The agreement would formally enshrine the province’s controversial forestry policies that continue to damage and destroy more critical caribou habitat, while providing Ontario with millions that would only fund more process and delays.
Ecojustice, on behalf of Wildlands League, Ontario Nature and David Suzuki Foundation, recently warned the federal Minister of Environment and Climate Change Steven Guilbeault in a legal letter that if the draft conservation agreement is signed unchanged, the groups may launch legal action to bring the government into compliance with its statutory duties under the federal Species at Risk Act (SARA).
To date, more than 16,000 letters and messages have been sent to Minister Guibeault calling on him to stand up for Canada’s vulnerable wildlife when provinces like Ontario turn their backs on them. Under SARA, the federal government can invoke a “safety net” to protect habitat when provinces fail to effectively protect critical habitat. A safety net order allows Cabinet to extend SARA protection to species on provincial and territorial lands.
Conservation agreements with a province or territory are another tool the federal government can use to benefit a species at risk or enhance its survival in the wild. The proposed bilateral conservation agreement between Ontario and Canada was first introduced in 2019 under Section 11 of the federal Species at Risk Act (SARA). The most recent version up for consultation fails to meet critical habitat thresholds required under SARA. This failure will push caribou closer to extinction in seven out of eight ranges that are already declining and that overlap with commercial forestry operations in northern Ontario.

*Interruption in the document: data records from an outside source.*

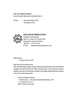 Sinopsis Buku Aku Ber-Akhlak Karimah untuk Diniyah Takmiliyah Awwaliyah Kelas 3 Buku *Aku Ber-Akhlak Karimah* adalah buku pelajaran yang dirancang untuk siswa kelas 3 Madrasah Diniyah Takmiliyah Awwaliyah (MDT Awwaliyah). Buku ini dibuat berdasarkan Standar Kompetensi dan Kompetensi Dasar Kurikulum Nasional Kementerian Agama RI tahun 2013, sehingga relevan dan sesuai dengan kebutuhan pembelajaran di madrasah. Buku ini terdiri dari lima bab yang disusun dalam dua semester, dengan masing-masing bab dilengkapi ilustrasi gambar menarik, latihan soal, dan uji kompetensi untuk memperkaya pemahaman siswa. Buku ini bertujuan untuk membantu guru dan siswa dalam proses belajar-mengajar, khususnya dalam memahami dan menerapkan akhlak mahmudah dalam kehidupan sehari-hari. Bab-bab yang disajikan meliputi: 1. Akhlak Mahmudah – menjelaskan pengertian akhlak mahmudah, serta tiga sifat utama dalam akhlak, yaitu syukur, sabar, dan ikhlas. 2. Akhlak Mahmudah dalam Kehidupan Sehari-hari kepada Diri Sendiri – memperkenalkan dua nilai akhlak lainnya, yaitu qana’ah (memuji keadaan) dan tawadhu’ (sikap rendah hati). 3. Syaja’ah – yang merupakan nilai akhlak yang terakhir dalam buku ini, menjelaskan pengertian dan dalil-dalil yang mendukungnya. Setiap bab dilengkapi dengan kisah teladan, dalil naqli (ayat Al-Qur’an dan hadis), rangkuman, dan evaluasi untuk memastikan pemahaman siswa. Buku ini tidak hanya memberikan pengetahuan tentang akhlak, tetapi juga mendorong praktik langsung dalam kehidupan sehari-hari, sehingga membentuk kepribadian yang berakhlak karimah dan beriman kepada Allah SWT. Dengan struktur yang jelas dan penyajian yang menarik, *Aku Ber-Akhlak Karimah* menjadi panduan yang bermanfaat untuk meningkatkan kualitas pendidikan karakter di lingkungan madrasah.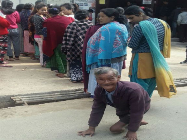 মেঘালয়ের খেলিশং-এর ভোটগ্রহণ কেন্দ্রে প্রতিবন্ধী ভোটার ওয়েন রানি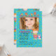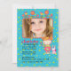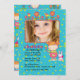 A charming, little girl's, photo invitation with lots of tiny flowers, hearts and dots. The whimsical photo frame has flowers "growing" from the top and is trimmed with a girl holding a flower next to her bunny friend.
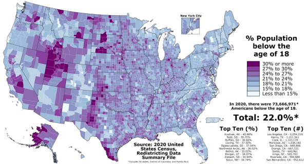 По данным на 2021 год, суммарный коэффициент рождаемости в США составляет 1,84 рождения на женщину[8]. По состоянию на 2019 год средний возраст женщины при первых родах в США составляет 27 лет (для сравнения в Республике Корее стране с самым низким в мире СКР — 0,84 рождения на женщину на 2020 год, средний возраст женщины при первых родах в 2019 году составлял 32,2 года).[8][26][27]

The government’s failure to protect boreal caribou highlights a broader issue with how Canadian governments are failing to protect endangered species and preserve biodiversity. Although the federal SARA lays out critical protection measures, federally listed at-risk species populations declined by 28 per cent between 2002 and 2014. Addressing the issue of protecting boreal caribou is as much about protecting an individual species as it is about ensuring our legal frameworks can promote biodiversity and species-thriving on the whole.